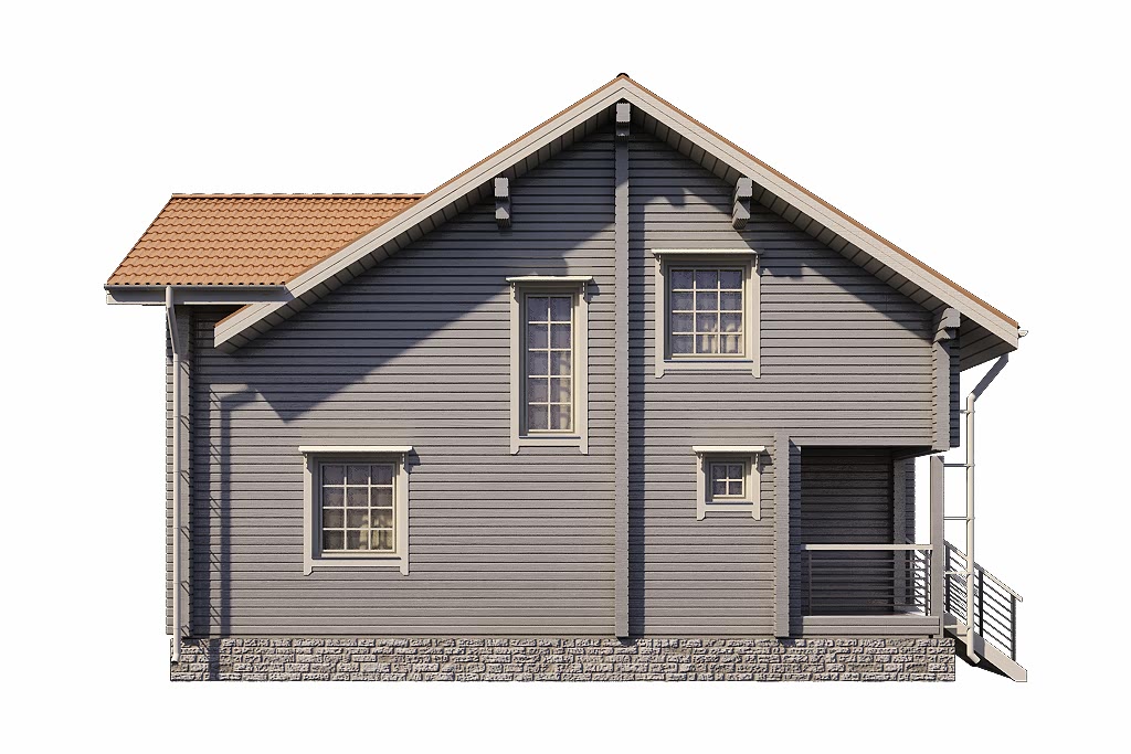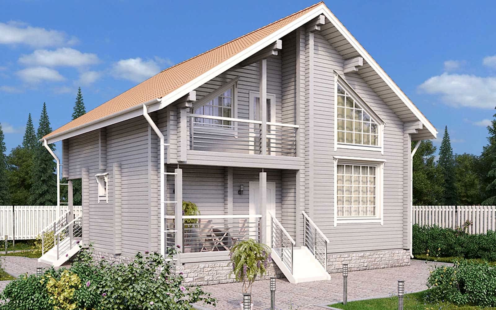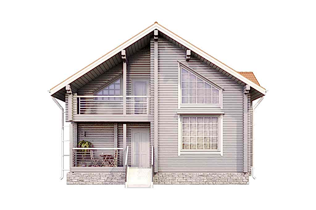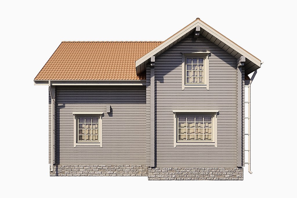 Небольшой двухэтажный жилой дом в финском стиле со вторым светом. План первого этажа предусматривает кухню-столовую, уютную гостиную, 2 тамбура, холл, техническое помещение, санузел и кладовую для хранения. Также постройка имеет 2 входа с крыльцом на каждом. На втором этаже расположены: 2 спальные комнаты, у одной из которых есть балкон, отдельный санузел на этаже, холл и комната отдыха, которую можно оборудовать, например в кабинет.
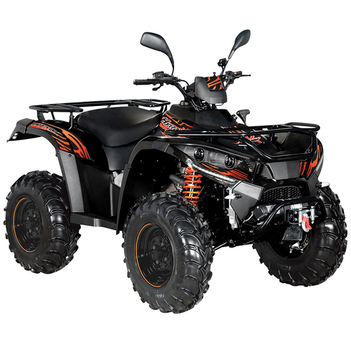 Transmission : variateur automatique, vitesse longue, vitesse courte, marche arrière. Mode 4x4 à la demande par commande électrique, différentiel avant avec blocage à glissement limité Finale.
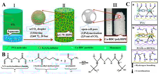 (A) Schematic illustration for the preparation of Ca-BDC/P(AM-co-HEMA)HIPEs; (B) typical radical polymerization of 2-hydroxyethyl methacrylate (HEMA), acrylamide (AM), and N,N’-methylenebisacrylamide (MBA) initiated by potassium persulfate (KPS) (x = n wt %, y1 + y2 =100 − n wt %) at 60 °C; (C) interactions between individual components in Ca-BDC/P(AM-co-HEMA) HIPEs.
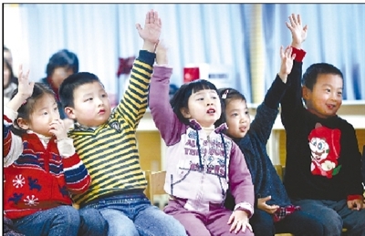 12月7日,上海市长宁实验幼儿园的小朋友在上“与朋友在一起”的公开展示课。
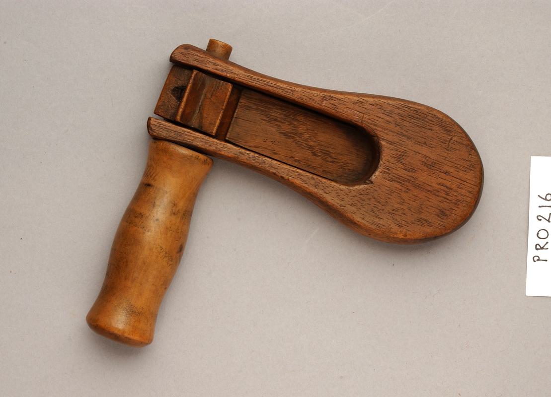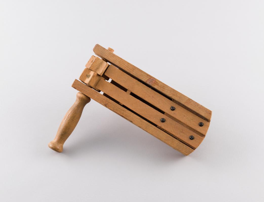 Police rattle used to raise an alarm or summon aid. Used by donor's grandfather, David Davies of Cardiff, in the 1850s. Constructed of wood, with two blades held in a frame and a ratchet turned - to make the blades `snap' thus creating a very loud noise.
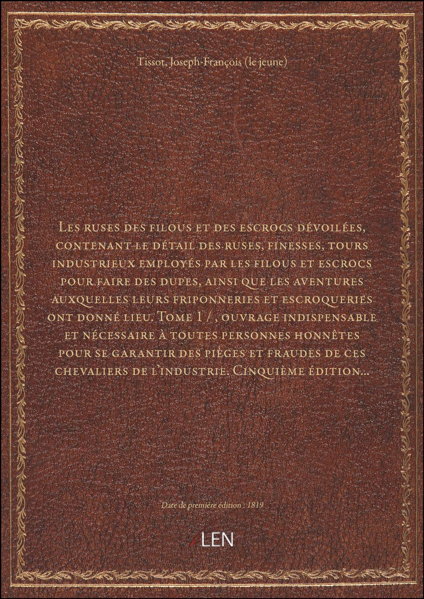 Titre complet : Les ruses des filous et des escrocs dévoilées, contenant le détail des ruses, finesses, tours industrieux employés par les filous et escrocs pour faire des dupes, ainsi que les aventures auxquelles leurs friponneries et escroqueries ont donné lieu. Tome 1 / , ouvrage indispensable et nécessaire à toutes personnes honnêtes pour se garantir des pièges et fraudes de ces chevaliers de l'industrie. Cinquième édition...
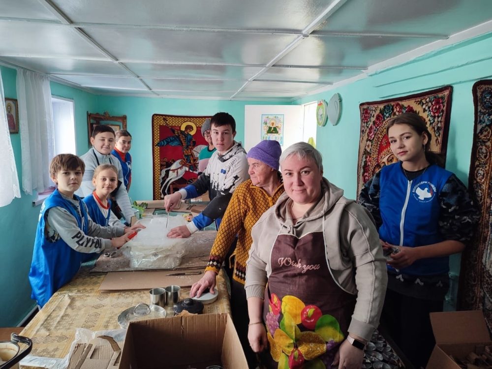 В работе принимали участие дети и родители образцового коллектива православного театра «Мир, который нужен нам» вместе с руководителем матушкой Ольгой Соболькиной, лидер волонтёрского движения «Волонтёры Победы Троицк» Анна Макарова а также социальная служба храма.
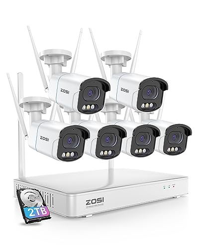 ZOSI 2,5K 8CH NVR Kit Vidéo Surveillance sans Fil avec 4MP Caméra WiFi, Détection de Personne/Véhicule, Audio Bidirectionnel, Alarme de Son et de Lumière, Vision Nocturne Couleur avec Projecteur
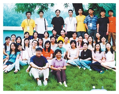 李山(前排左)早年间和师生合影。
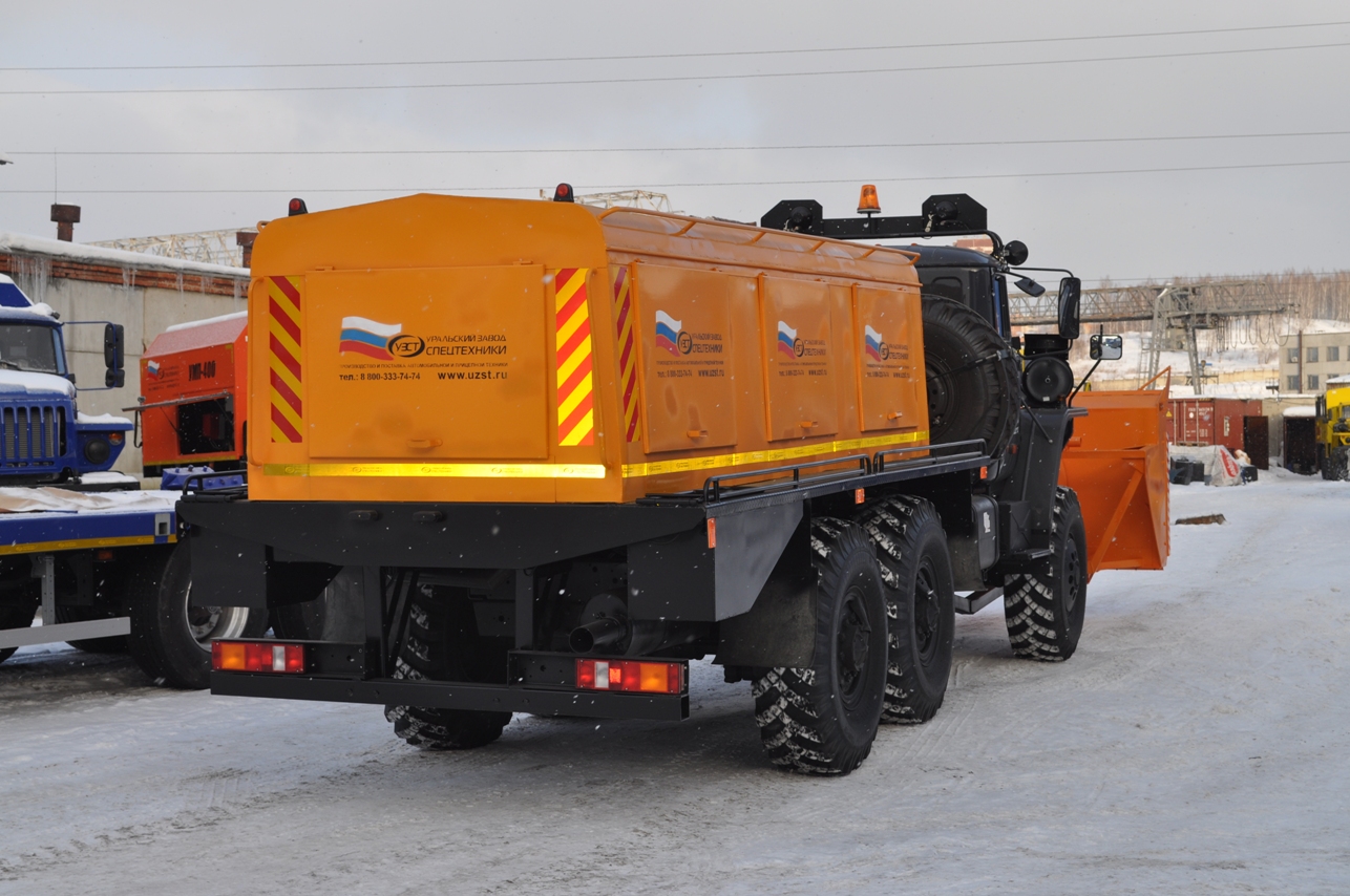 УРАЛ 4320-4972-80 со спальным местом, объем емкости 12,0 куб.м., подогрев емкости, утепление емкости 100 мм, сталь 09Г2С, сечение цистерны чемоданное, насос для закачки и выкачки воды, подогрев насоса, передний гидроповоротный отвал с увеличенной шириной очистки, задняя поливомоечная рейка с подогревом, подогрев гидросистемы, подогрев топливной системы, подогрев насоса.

○ ○ ○ ○

### [Your objective]
Reproduce exactly the lines above starting at the line containing "Titre complet : Les" and ending at the line containing "李山(前排左)早年间和师生合影。", including both, but not the pictures.

### [Result of the exercise]
 Titre complet : Les ruses des filous et des escrocs dévoilées, contenant le détail des ruses, finesses, tours industrieux employés par les filous et escrocs pour faire des dupes, ainsi que les aventures auxquelles leurs friponneries et escroqueries ont donné lieu. Tome 1 / , ouvrage indispensable et nécessaire à toutes personnes honnêtes pour se garantir des pièges et fraudes de ces chevaliers de l'industrie. Cinquième édition...
 В работе принимали участие дети и родители образцового коллектива православного театра «Мир, который нужен нам» вместе с руководителем матушкой Ольгой Соболькиной, лидер волонтёрского движения «Волонтёры Победы Троицк» Анна Макарова а также социальная служба храма.
 ZOSI 2,5K 8CH NVR Kit Vidéo Surveillance sans Fil avec 4MP Caméra WiFi, Détection de Personne/Véhicule, Audio Bidirectionnel, Alarme de Son et de Lumière, Vision Nocturne Couleur avec Projecteur
 李山(前排左)早年间和师生合影。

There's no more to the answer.